Beside your window
Beside the water
Beneath those dark stars
Beneath the martyrs
I think of purpose
I think of power
In poignant remorse
Piquantly sour
In your yard it seems to rise
The ephemeral cadence of surprise
When he appears with baffled eyes
The life before him another prize
Atop the glowing grass you lay
Under the melody of the play
Of a loose guitar and drummer’s way
With the tunes and tones of a summer’s day
Yet I am here
Yet I am away
A piece of you
Unwelcome, afraid
Now apart
Now a fiend
My once sweet life
Under siege
The lights that glimmer and dance for you
They warm the past and present too
Nothing’s decrepit, nothing askew
And the only color unplayed is blue
Crystal collides and inhibitions calm
In glee and grandeur you carry on
What lasts awhile, but not too long
Is preserved in yet another song
Dare I advance
Dare I say,
“May I join you,
May I stay?”
But I have dared enough today
Dared to leave and dared to return
I have dared my whole life away
Far too fractured to finally learn
Must you, God, cast me aside?
I have listened, I have tried!
Anguish forced me from this place
Return me, Father, in somber grace!
What good are these ears if I cannot hear you!

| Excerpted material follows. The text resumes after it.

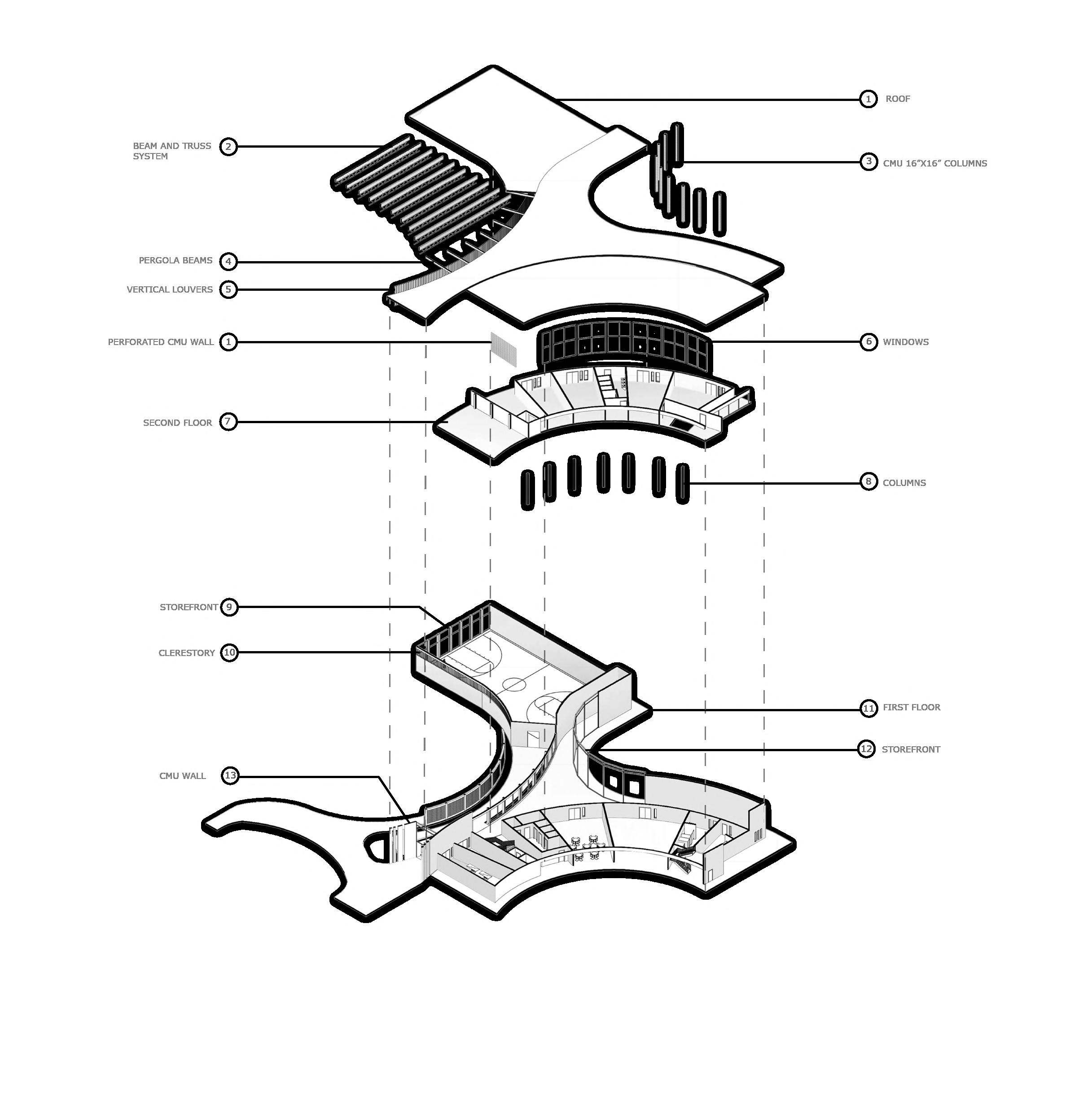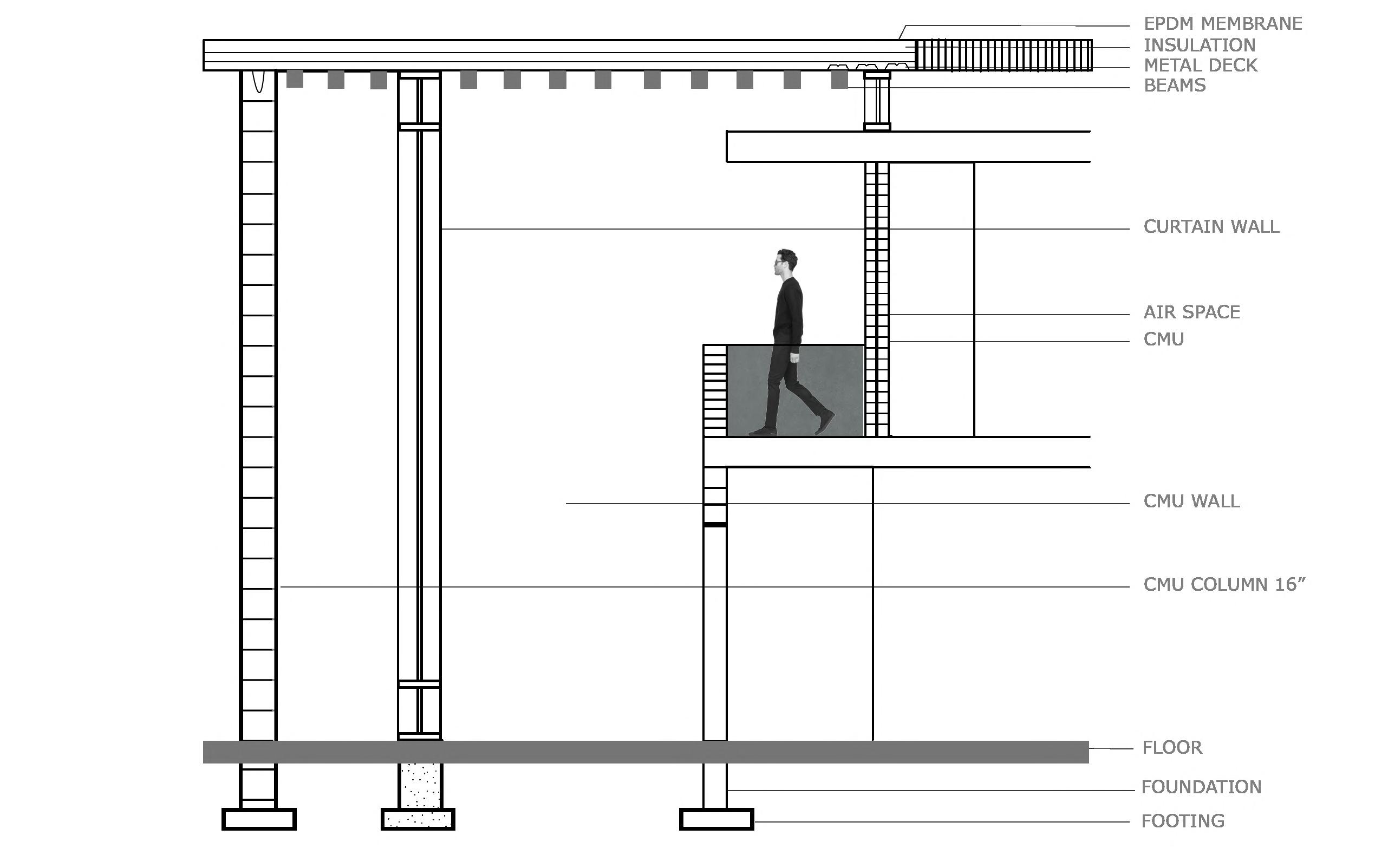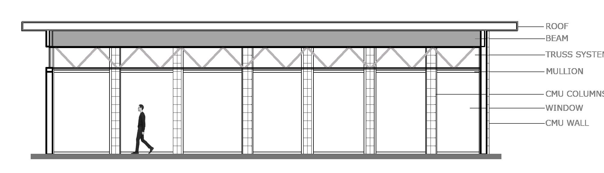 ROOF WINDOWS CMU WALL CLERESTORY STOREFRONT SECOND FLOOR PERFORATED CMU WALL VERTICAL LOUVERS

What save this mouth from uselessness?
My flesh and fingers seek to be near you
As I reach in this black night for blessedness!
Despite my quite audacious plea
Lakeside, I now need memory
To fool my mind and body as one
Into knowing I am still your son
Yet here I left you so here I must be
Only just beside your pictures of me
Only just beside our family name
Only just beside my battered grave.
An estranged son returns to his family’s lakeside home during festivities of which he desperately wishes to be included, but knows his presence would be displeasing.